What are LSID vocabularies?
LSID Vocabularies are the building blocks of the TDWG Ontology. They provide the semantics needed to describe the objects exchanged in our community. Their initial use was in encoding the information returned by the getMetadata() call of the LSID resolution mechanism - hence their name - but they can be used in any XML or Semantic Web based technology to express concepts associated with biodiversity.
When a client application resolves an LSID it gains access to the metadata associated with that particular LSID by its owner. For this metadata to be useful the client application must process it. It must read the data and display it to the user or use it in a larger calculation involving other data.
Most useful client applications are likely to combine data of different kinds from multiple sources i.e. not just consume specimen or observation data but combining it with geographic, phylogenetic, molecular and other data.
If the metadata could be in any arbitrary XML based format then the task of writing a client application would be exceedingly difficult.
To facilitate consumption of metadata associated with LSIDs it is important that metadata from different sources about different things is in the same basic format and can be meaningfully combined.
LSID vocabularies are descriptions of the metadata returned for particular classes of object within the TDWG domain. They enable data about different things from different places to be combined in meaningful ways. They form part of a larger TDWG ontology effort that describes how these classes of data are related.
Technically each LSID Vocabulary is an OWL ontology containing one or more classes and a number of properties who's domain is in one of those classes. There are also a set of global properties that can be used with any of the LSID Vocabulary classes.

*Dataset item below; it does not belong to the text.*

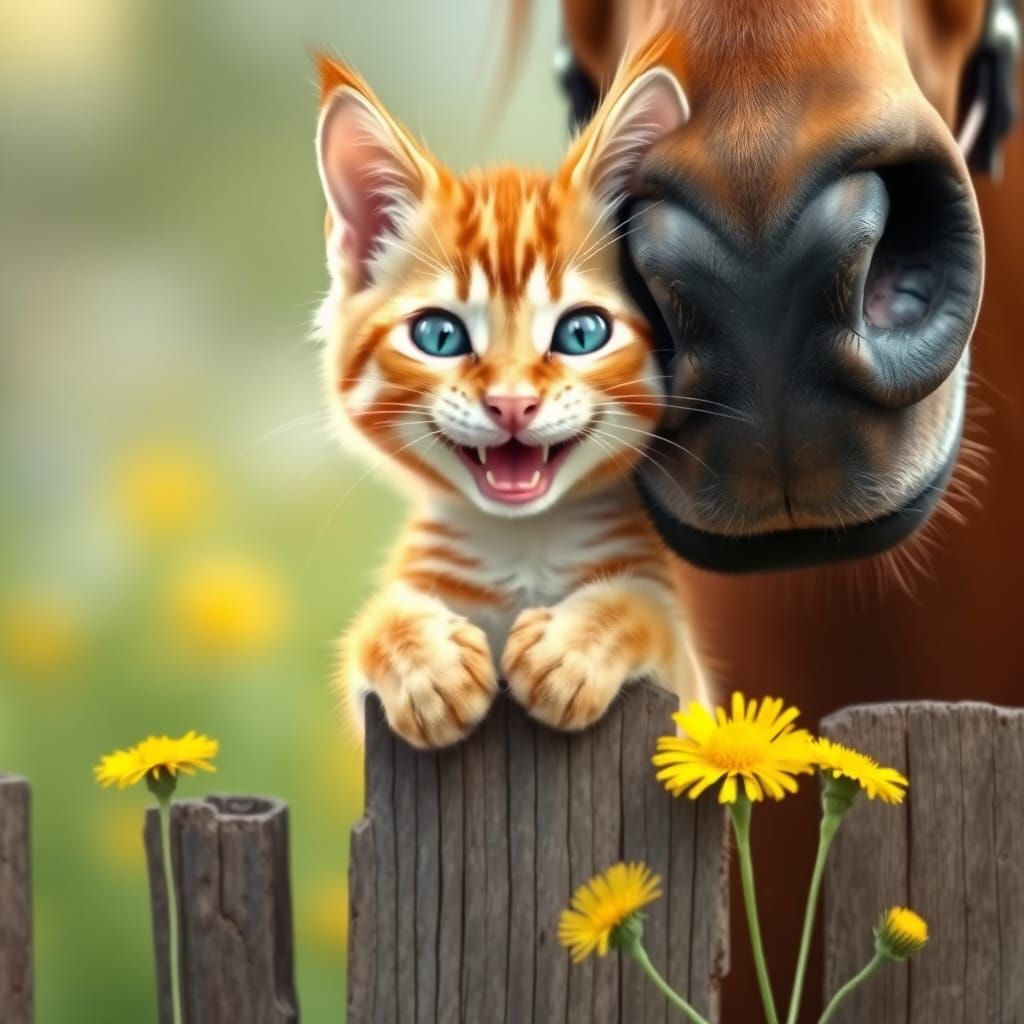 A heartwarming image of a playful orange tabby kitten and a chestnut horse standing together, surrounded by soft colors and whimsical textures, evoking a sense of warmth and friendship.
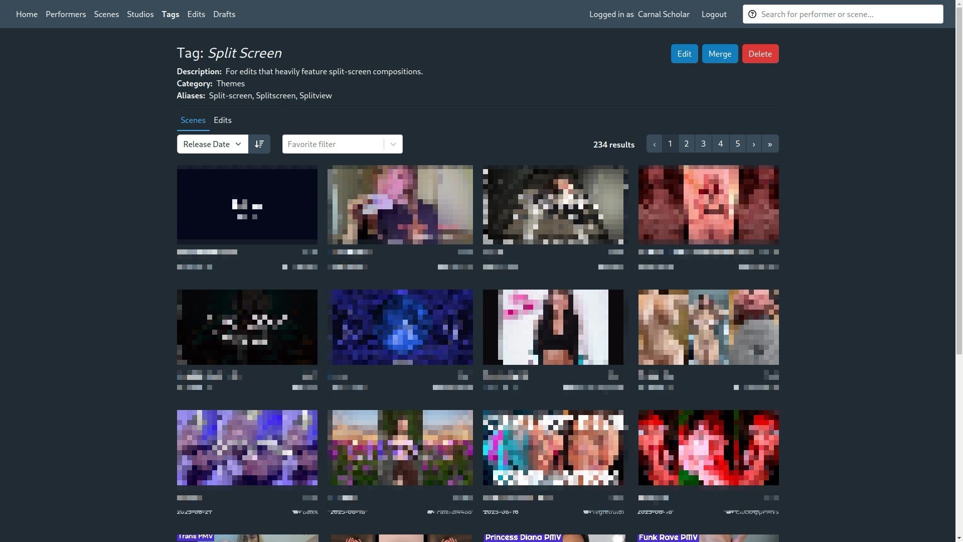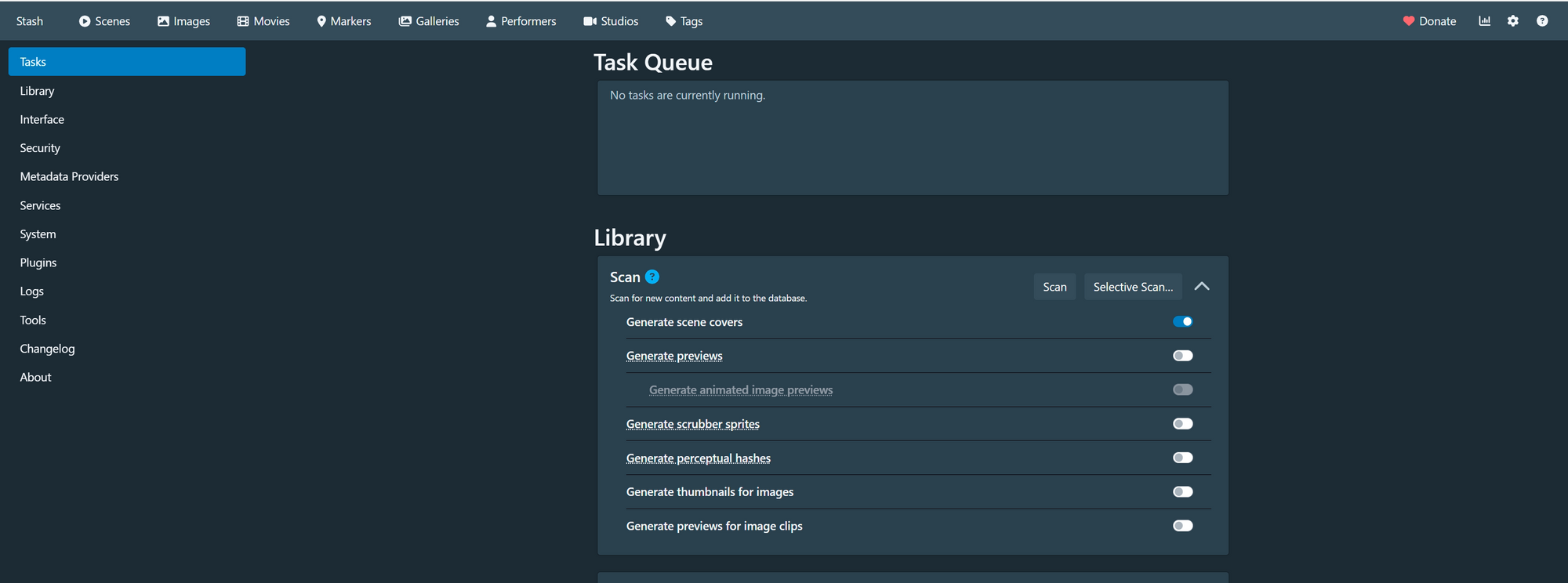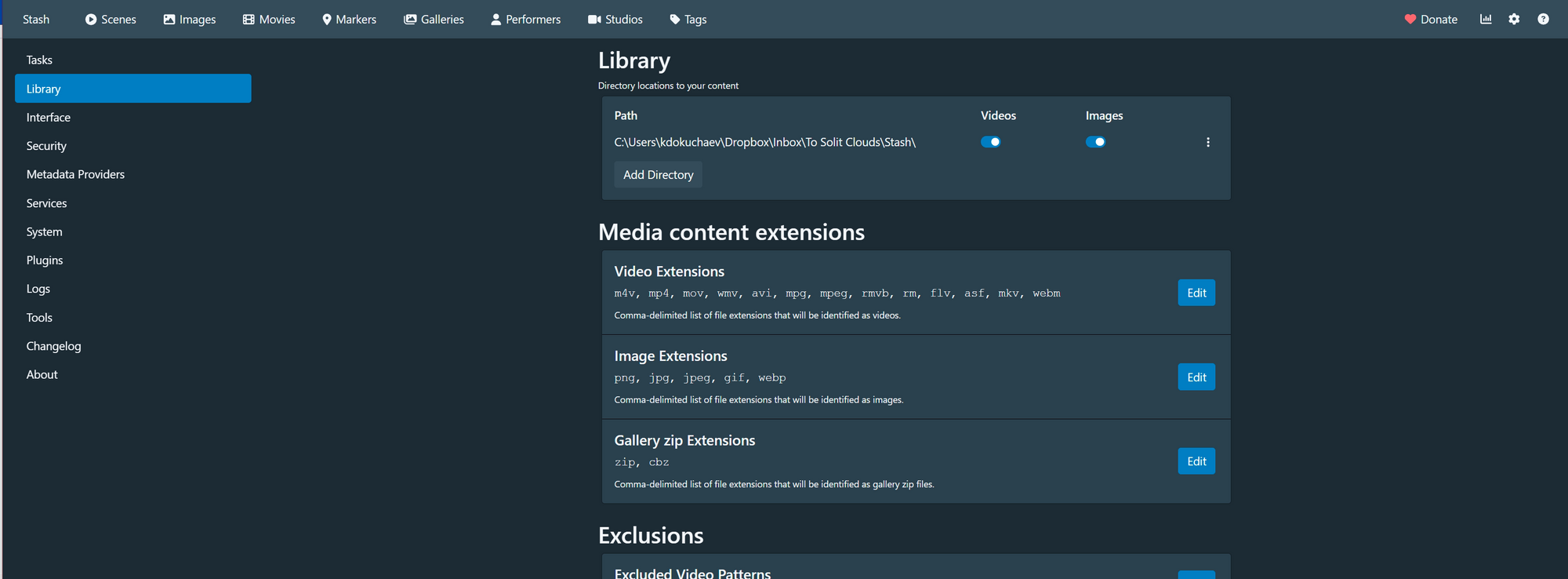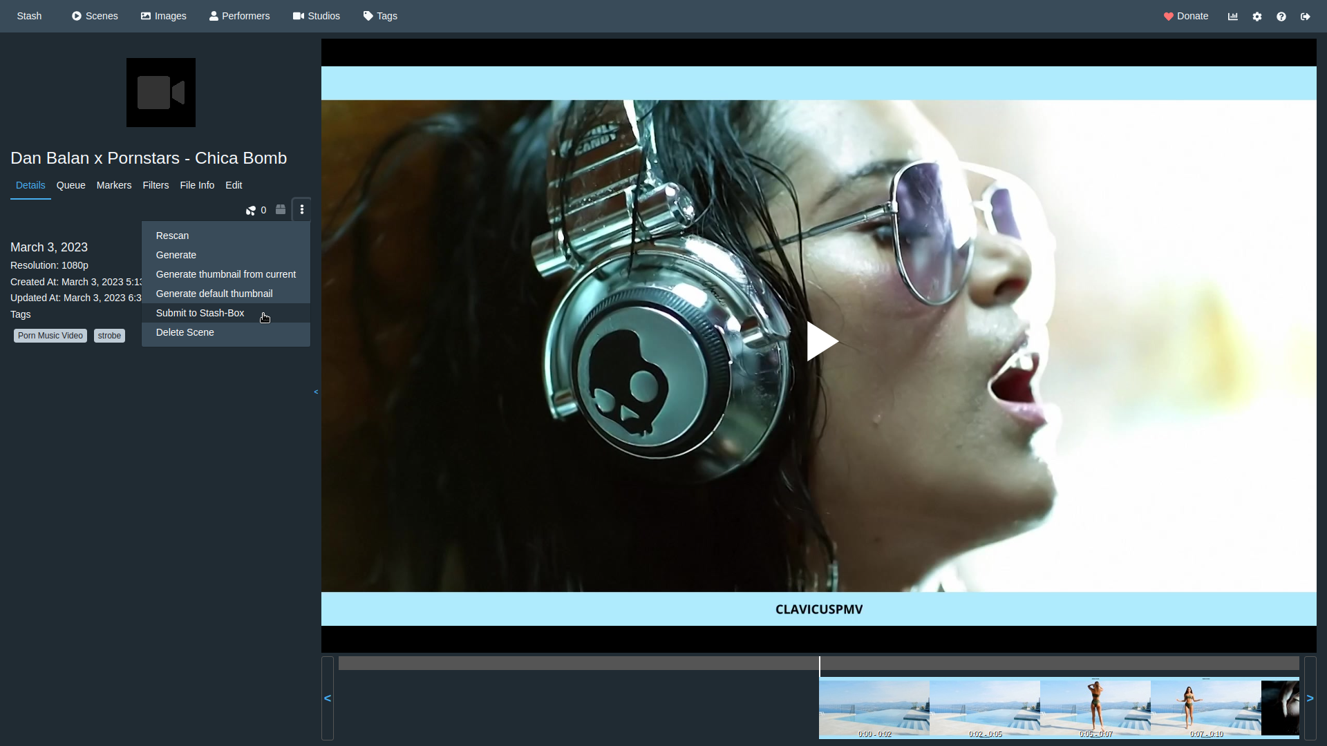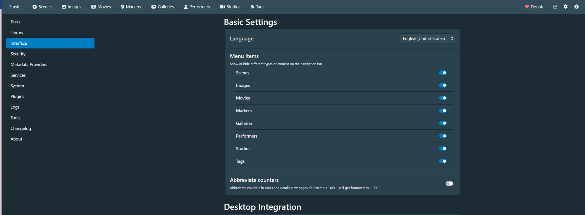Всего в Stash есть несколько разделов для хранения порно: отдельные сцены, изображения, метки, актёры, студии и теги.

The metadata returned when the LSID is resolved is a instance of one of these OWL classes containing some or all of the class and global properties. The metadata is RDF encoded in XML. Those unfamiliar with semantic web technologies can think of it as an XML document that follows a specific format. Although the vocabularies are defined in terms of Semantic Web technologies (RDF and OWL) the data providers can think of the metadata as pure XML. It is possible for non Semantic Web applications, even simple scripts, to inter-operate with semantic base applications by generating XML that is also valid RDF.
An Important Note
The LSID vocabularies only define new concepts (classes, properties and instances) that are used in the biodiversity informatics domain. It is assumed that they will be used in conjunction with other well known vocabularies such as those provided by the Dublin Core
metadata initiative. The vocabularies in themselves will probably not provide enough information to define an entire data exchange standard for a thematic network of the kind that currently exist. Extra information (on the use of Dublin Core properties for example) will need to be provided in a human readable document or some other form. See TDWGOntologyGovernance
for more information.
The TDWG LSID Vocabularies
This is a list of the current TDWG vocabularies. Some are under development and other are established and being used. TDWGOntologyGovernance
describes how this process is managed. Each vocabulary has a wiki page for linking resources and discussion.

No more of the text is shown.